Who Fits This Clinical Scenario for Suspected Hypertrophic Cardiomyopathy?

This guidance applies to patients where hypertrophic cardiomyopathy is a primary diagnostic consideration. The clinical picture is often built from a combination of findings, and it is critical that ischemic cardiomyopathy has already been reasonably excluded through prior history, ECG, biomarkers, or functional testing.

Inclusion criteria for this workflow:

  • Symptoms: Patients presenting with exertional dyspnea, angina-like chest pain, palpitations, presyncope, or syncope, particularly with exertion.
  • Physical Exam Findings: A harsh crescendo-decrescendo systolic murmur at the left sternal border that increases with Valsalva maneuver is a classic, though not universal, finding.
  • ECG Abnormalities: Unexplained left ventricular hypertrophy (LVH), prominent Q waves, or deep T-wave inversions.
  • Family History: A first-degree relative with a known diagnosis of HCM or a history of sudden cardiac death at a young age.

Exclusion criteria (patients who fit a different ACR variant):

  • Suspected Inflammatory Cause: If the patient has a recent viral prodrome, fever, and elevated inflammatory markers suggesting myocarditis, the workup follows the suspected inflammatory cardiomyopathy scenario.
  • Primary Arrhythmia: If the presentation is dominated by ventricular arrhythmias without clear signs of hypertrophy, the focus may shift to the suspected arrhythmogenic cardiomyopathy pathway.
  • Signs of Systemic Disease: If the patient exhibits signs of a systemic infiltrative process like amyloidosis (e.g., macroglossia, periorbital purpura, peripheral neuropathy) or sarcoidosis, the suspected restrictive or infiltrative disease scenario is more appropriate.

What Diagnoses Are You Working Up in This Scenario?

When ordering initial imaging for suspected HCM, you are evaluating a specific set of differential diagnoses that can all present with increased left ventricular wall thickness. The goal of imaging is to differentiate between these etiologies.

Hypertrophic Cardiomyopathy (HCM)
This is the primary diagnosis of concern. HCM is a genetic disorder characterized by unexplained myocardial hypertrophy that is not secondary to another cardiac or systemic disease like hypertension or aortic stenosis. The hypertrophy is typically asymmetric, most commonly affecting the interventricular septum. Imaging is crucial to measure wall thickness, identify the pattern of hypertrophy, assess for dynamic left ventricular outflow tract (LVOT) obstruction, and evaluate for systolic anterior motion (SAM) of the mitral valve.

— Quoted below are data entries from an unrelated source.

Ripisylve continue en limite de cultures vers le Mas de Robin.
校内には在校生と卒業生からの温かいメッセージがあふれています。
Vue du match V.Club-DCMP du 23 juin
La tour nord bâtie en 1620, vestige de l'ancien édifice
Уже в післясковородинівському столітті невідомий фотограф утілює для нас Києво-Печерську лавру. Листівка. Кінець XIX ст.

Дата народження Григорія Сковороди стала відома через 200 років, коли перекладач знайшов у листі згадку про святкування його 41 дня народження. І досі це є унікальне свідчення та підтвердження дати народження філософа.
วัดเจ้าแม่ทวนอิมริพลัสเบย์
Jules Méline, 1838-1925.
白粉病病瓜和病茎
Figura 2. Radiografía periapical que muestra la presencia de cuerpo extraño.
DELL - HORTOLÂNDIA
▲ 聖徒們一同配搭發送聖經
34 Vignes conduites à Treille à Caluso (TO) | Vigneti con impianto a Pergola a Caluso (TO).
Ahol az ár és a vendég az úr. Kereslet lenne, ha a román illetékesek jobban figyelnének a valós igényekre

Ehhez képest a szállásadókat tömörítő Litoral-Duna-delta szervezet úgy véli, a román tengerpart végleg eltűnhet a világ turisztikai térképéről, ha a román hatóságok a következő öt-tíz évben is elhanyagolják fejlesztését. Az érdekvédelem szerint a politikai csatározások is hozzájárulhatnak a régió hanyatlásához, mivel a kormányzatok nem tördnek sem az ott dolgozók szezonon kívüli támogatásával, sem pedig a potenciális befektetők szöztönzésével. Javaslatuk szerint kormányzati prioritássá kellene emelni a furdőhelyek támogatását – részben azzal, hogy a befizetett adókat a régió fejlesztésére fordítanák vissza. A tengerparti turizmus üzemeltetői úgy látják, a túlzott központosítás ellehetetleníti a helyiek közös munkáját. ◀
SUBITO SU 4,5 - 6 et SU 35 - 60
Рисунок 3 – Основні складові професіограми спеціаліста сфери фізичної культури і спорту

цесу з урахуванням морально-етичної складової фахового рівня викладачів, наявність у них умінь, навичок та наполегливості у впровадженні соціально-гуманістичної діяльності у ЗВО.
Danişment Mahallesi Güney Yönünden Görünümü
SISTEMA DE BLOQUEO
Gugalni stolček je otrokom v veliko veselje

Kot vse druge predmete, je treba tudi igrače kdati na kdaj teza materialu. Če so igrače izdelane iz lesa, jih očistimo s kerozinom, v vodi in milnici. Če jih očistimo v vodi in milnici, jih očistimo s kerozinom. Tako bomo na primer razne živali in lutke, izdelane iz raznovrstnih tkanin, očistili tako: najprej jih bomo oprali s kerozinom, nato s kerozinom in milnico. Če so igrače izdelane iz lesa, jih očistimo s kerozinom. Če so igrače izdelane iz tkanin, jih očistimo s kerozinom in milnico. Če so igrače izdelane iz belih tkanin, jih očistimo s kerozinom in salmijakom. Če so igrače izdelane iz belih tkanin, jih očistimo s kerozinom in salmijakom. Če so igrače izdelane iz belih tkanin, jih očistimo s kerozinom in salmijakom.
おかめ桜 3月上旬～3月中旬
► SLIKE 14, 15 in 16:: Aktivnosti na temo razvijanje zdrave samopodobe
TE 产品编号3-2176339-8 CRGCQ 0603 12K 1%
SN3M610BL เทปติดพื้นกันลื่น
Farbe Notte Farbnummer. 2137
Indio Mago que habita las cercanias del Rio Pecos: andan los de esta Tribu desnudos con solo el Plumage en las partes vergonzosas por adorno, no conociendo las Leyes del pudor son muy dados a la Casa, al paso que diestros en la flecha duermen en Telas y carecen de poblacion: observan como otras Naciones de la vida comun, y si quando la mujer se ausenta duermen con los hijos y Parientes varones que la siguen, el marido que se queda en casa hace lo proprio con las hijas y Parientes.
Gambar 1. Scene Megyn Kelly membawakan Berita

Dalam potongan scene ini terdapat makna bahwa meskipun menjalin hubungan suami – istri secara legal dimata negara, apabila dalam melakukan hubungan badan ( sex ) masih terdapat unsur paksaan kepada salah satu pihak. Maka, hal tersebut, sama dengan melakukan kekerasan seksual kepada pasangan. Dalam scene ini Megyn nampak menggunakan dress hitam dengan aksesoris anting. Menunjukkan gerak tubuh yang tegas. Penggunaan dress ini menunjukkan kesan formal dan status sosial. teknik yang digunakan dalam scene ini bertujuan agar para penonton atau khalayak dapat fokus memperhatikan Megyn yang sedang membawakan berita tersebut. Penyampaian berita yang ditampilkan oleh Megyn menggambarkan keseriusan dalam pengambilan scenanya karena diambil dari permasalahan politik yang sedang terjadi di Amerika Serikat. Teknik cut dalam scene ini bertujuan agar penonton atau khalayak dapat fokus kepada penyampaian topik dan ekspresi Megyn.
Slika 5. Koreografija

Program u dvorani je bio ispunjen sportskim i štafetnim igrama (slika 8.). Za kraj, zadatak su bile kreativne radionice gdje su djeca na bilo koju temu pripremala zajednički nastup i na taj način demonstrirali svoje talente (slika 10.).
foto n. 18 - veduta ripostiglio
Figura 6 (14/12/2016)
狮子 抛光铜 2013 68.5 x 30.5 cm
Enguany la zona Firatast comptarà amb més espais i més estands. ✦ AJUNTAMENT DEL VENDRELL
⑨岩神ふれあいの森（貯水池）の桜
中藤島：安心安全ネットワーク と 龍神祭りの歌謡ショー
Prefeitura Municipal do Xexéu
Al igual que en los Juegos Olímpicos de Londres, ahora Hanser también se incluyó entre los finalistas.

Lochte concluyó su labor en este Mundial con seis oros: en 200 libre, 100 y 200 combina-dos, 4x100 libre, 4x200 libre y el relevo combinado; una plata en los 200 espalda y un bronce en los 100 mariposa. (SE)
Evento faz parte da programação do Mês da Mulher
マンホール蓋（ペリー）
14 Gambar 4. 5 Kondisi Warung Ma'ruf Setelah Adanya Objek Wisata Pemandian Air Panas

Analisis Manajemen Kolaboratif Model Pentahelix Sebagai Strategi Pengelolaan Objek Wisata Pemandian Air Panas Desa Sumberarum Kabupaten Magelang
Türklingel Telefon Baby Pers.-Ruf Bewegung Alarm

Hypertensive Heart Disease
Long-standing, severe systemic hypertension is a common cause of left ventricular hypertrophy. Unlike the classic asymmetric pattern of HCM, the hypertrophy in hypertensive heart disease is typically concentric and symmetric. While clinical history is key, imaging helps confirm the pattern of hypertrophy and assess for concomitant diastolic dysfunction, which is common in both conditions.

Athlete’s Heart
Intense, prolonged athletic training can lead to physiologic cardiac remodeling, including increased LV wall thickness. This is a benign adaptation. Key differentiating features on imaging include symmetric hypertrophy, normal or enhanced diastolic function, and associated enlargement of the LV cavity. The hypertrophy seen in athlete’s heart typically regresses with de-training, which is not a feature of HCM.

Cardiac Amyloidosis
While technically an infiltrative disease, cardiac amyloidosis can mimic HCM by causing significant biventricular wall thickening. It represents a critical “do-not-miss” diagnosis with different prognostic and therapeutic implications. Imaging may reveal a characteristic diffuse, symmetric thickening with a “sparkling” or granular texture on echocardiography, along with classic signs of restrictive physiology and often a pericardial effusion.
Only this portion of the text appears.